I tried it under the Misterfpga ao486 core and it failed, not finding a partition to boot from. :(

karlgkk|10 months ago

So you just consoomed something. Thanks for the contribution

_mlbt|10 months ago

These used to be very common before Pentium processors. Many (most?) compiler tool chains included a software FPU emulator.

Very cool project!

rasz|10 months ago

Duke Nukem 3D is compiled with FPU emulation. Game engine is 99.9% fixed point math, only requires FPU for rarely used slopes (setupslopevlin_ and slopevlin_).

It just so happens first room when starting the game - rooftop - has sloped roof vents and later walls with sloped edge. Even on fast FPUless 90MHz NexGen Nx586 (AMD K6 father) FPS drops down to 10-14fps on that roof https://www.youtube.com/watch?v=41O2bNG2qKA&t=234s while staying above 30 when facing away from slopes.

actionfromafar|10 months ago

I think GCC didn't have the emulating library, but the operating system had. (Such as Debian.) So you could compile and link your programs against a soft-float library. ( Something like this https://github.com/ant6n/ieeelib )

What this NetBSD project does is not exactly like that though, it lets programs use regular 487 float instructions, which are trapped by the kernel, which steps in and emulates what the hardware float instruction would have done.

It worked very well for regular program, because most programs would not use float instructions to any significant degree.

If you however were going to use floats a lot for long calculations, a soft-float library would be much faster.

theragra|10 months ago

I recently encountered this when developing for atmel attiny13a, that has 1KB memory for code. I found that my code somehow cannot fit. Then found that just one line takes around 100 bytes. Insane!

After some experiments, I remembered university course and was able to understand what is going on.

When using float types or operations, fpu emulation is used, which takes huge amount of memory for anything.

I think atmel is using gcc, but not sure if you emulation is part of gcc or atmel libraries.

Turboblack|10 months ago

finally something really useful, I wish you creative success, you are doing the right thing

bezko|10 months ago

What are some examples of an OS needing to do floating point numbers calculations?

PrivacyAI|10 months ago

This is super cool!

evmar|10 months ago

I noticed math_emulate.c comes from Linux (it even has a " * (C) 1991 Linus Torvalds" bit on it). I was wondering what the license on that code is.
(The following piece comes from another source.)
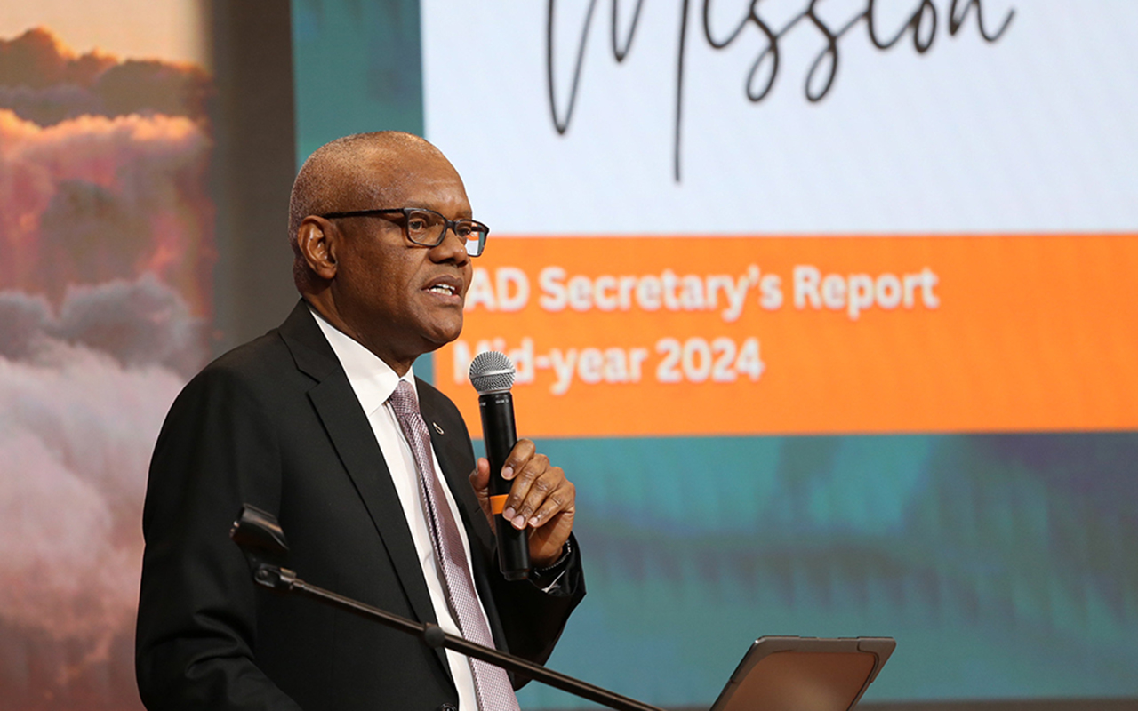 Pastor Leonard Johnson, executive secretary of the Inter-American Division presents his report at the start of the church’s Mid-year Executive Committee business meetings, in Miami, Florida, United States, May 6, 2024. [Photo: Libna Stevens/IAD]

It looks like Linux adopted GPL in 1992 so maybe this copy predates that, but it was under some other non-BSD license before that.

einr|10 months ago

The full license for Linux prior to 0.12 was:

  This kernel is (C) 1991 Linus Torvalds, but all or part of it may be
  redistributed provided you do the following:

  - Full source must be available (and free), if not with the
    distribution then at least on asking for it.
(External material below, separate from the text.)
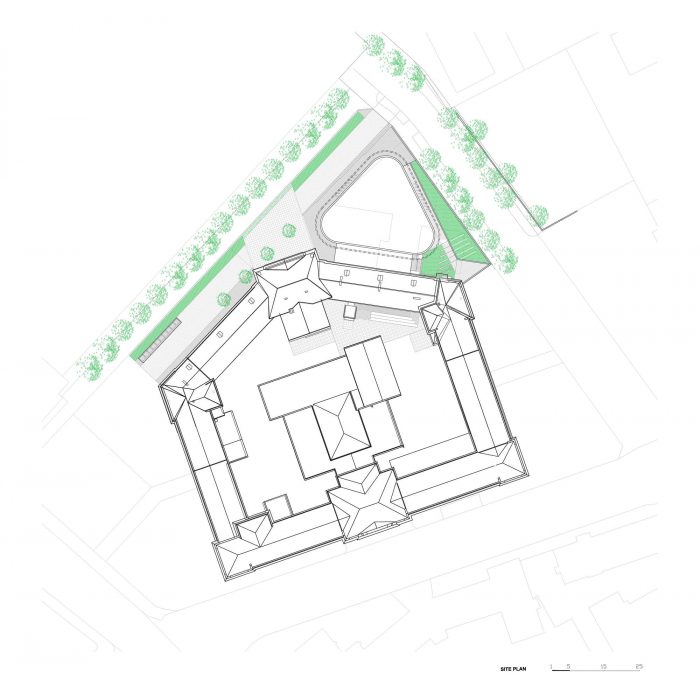 机翼重建区和新的演讲室VŠPJ(理工学院)是一个现代概念的快速发展的教育中心,位于该地段的东北角,原来被认为是一个农田。新建筑的位置是严格对称的,明显的三角形,因此对于建筑来说似乎是不利的。来自Qarta architektura工作室的作者们通过利用这个形状将劣势变为优势,并通过与现有街区的连接,为大跨度建筑获得了紧凑的空间。

  - Copyright notices must be intact. (In fact, if you distribute
    only parts of it you may have to add copyrights, as there aren't
    (C)'s in all files.) Small partial excerpts may be copied
    without bothering with copyrights.

  - You may not distibute this for a fee, not even "handling"
    costs.
This is clearly written by someone who has no business writing software licenses ;) but does not appear to be incompatible with the BSD license and in fact, the code in question originates from 386BSD (https://github.com/386bsd/386bsd/blob/2.0/usr/src/kernel/mat...) and made it from there into the NetBSD mainline.

esafak|10 months ago

[deleted]

LukeShu|10 months ago

It's not emulating a crippled chip, it runs on the i486SX (which has no FPU, by artificial limitation or not), and emulates an x87 FPU.